Translate and run it as usual:

theon$ ulmas -o subprog_without_fp  subprog_without_fp.s
theon$ ulm subprog_without_fp
ACB
theon$ 

Notes about using symbols for registers

Note that symbols are used in the code only for those registers that are relevant for the calling convention, i.e. for %SP and %RET. For other registers plain literals are used, e.g. %4. Our new function call convention will allow it that registers %4, ..., %255 can be used freely in every function. They no longer have a special meaning. So in one function you can use %4 for calling a function and in another %5 etc.

Btw: What does “... without fp” mean?

“fp” is short for frame pointer. So “subprogram without frame ppointer” indicates that some extension is coming up ;-)

Quiz08

For this quiz you have to hand in two files: call_stack.s and call_stack.txt.

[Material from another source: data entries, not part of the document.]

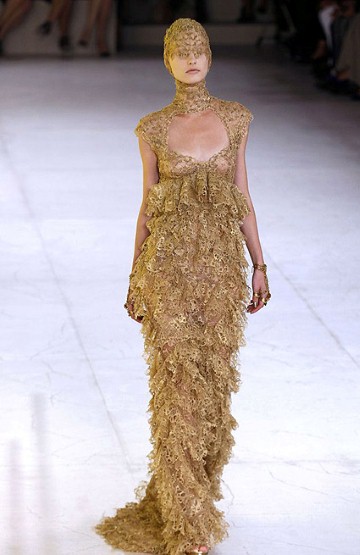 This was a show aimed at women who don't have the words "shy" and "retiring" in their vocabulary. We rather like it when the clothes didn't look like you needed the strength of a weight lifter to wear them. We loved the Michael Jackson-inspired wide shoulder biker jackets with massive gilt studs – but as in the past we would have wanted it in shiny black, the designer sent one in baby pink down the runway. Not exactly everyday-life-friendly, but a girl can dream..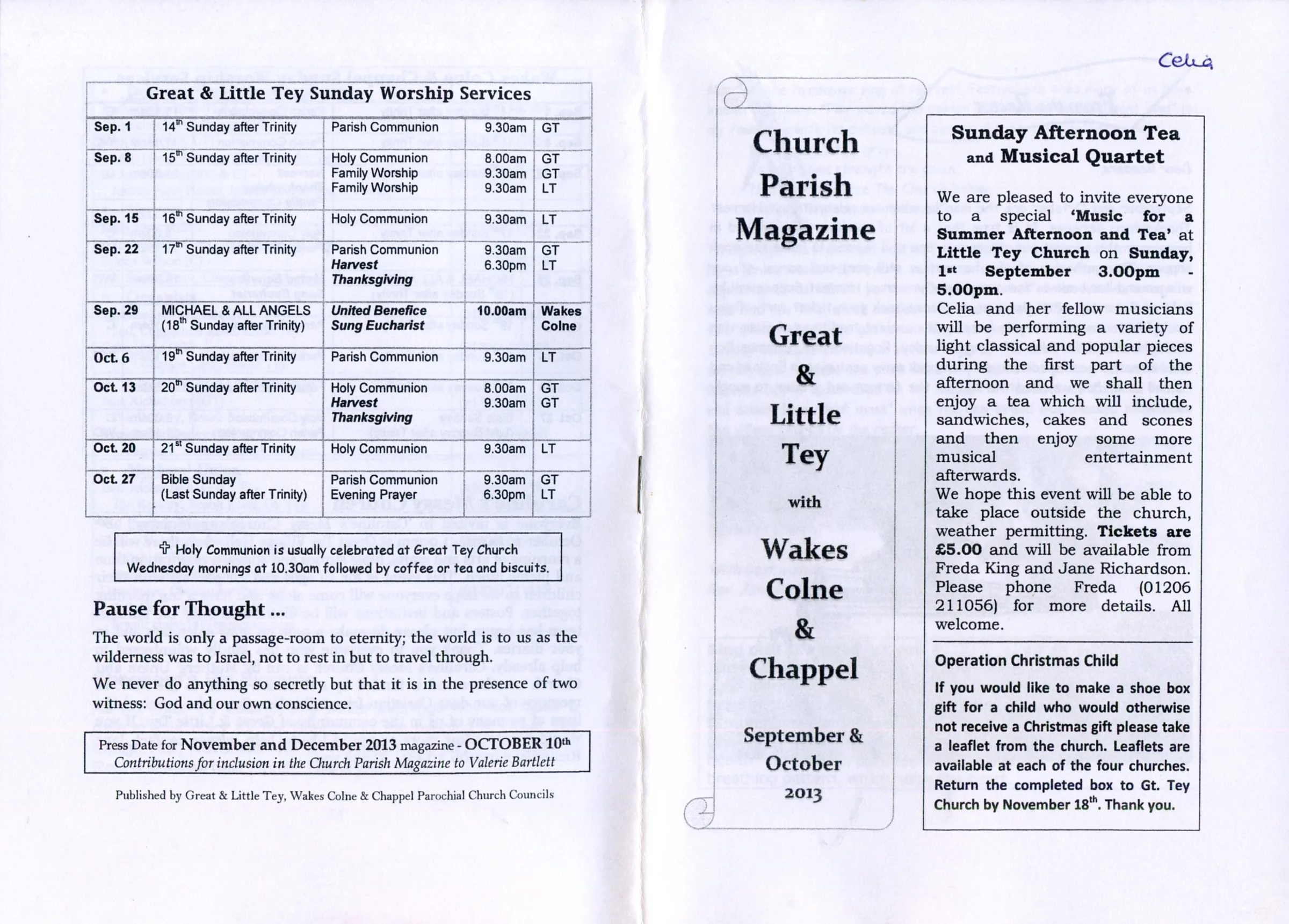 Selected pages from the Parish Magazine of Great Tey and Little Tey, September and October 2013.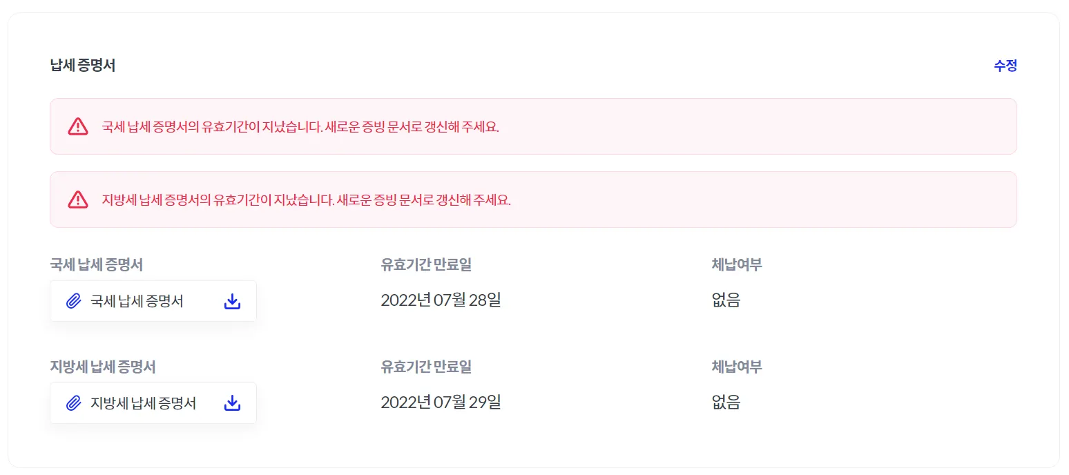 ※ 사업자 등록증은 기본정보에서 제출 가능합니다.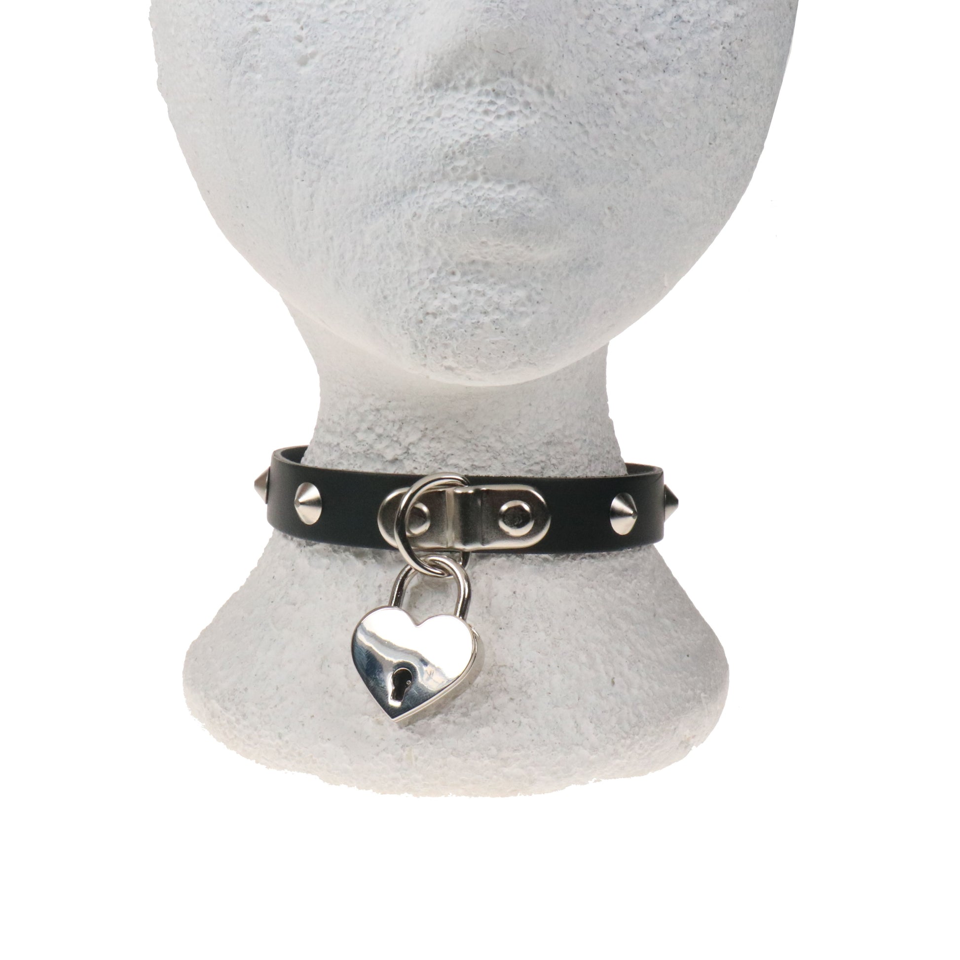 NB333C 1 ROW CONICAL WITH BIG HEART PADLOCK Leather Choker - Real Leather - Made in England

On theon submit your program with the command

submit hpc quiz08 call_stack.s call_stack.txt

Your answers will not be evaluated automatically but you should get a confirmation email after your submit.

About call_stack.s

Write a program call_stack.s with functions main, funcA, funcB and funcC. These functions are supposed to do the following:

  • Function main prints the character M, calls function funcA, prints m, prints a newline and then returns.

  • Function funcA prints the character A, calls function funcB, prints ,, calls function funcC, prints a and then returns.

  • Function funcB prints the character B and then returns.

  • Function funcC prints the character C, calls function funcB, prints c, calls function funcB and then returns.

 1
 2
 3
 4
 5
 6
 7
 8
 9
10
11
12
13
14
15
16
17
18
19
20
21
22
23
24
25
        #NOTE: relevant for the function call convention
        .equ    SP,     2
        .equ    RET,    3

        .text
/*
        Entry point
*/
_start:
        #NOTE: relevant for the convention
        ldzwq   0,              %SP

        subq    8,      %SP,    %SP
        ldzwq   main,           %4
        jmp     %4,             %RET
        addq    8,      %SP,    %SP

/*
        (only) Exit point
*/
        halt    0

//------------------------------------------------------------------------------
// PROGRAM main
//------------------------------------------------------------------------------

About call_stack.txt

It is important that your program “blindly follows the rules”. You are supposed to work here like a compiler! But if you have an idea how the implementation of some of these functions could be simplified then write down your thought in call_stack.txt. Maybe there is even a simple rule in which case your idea always works.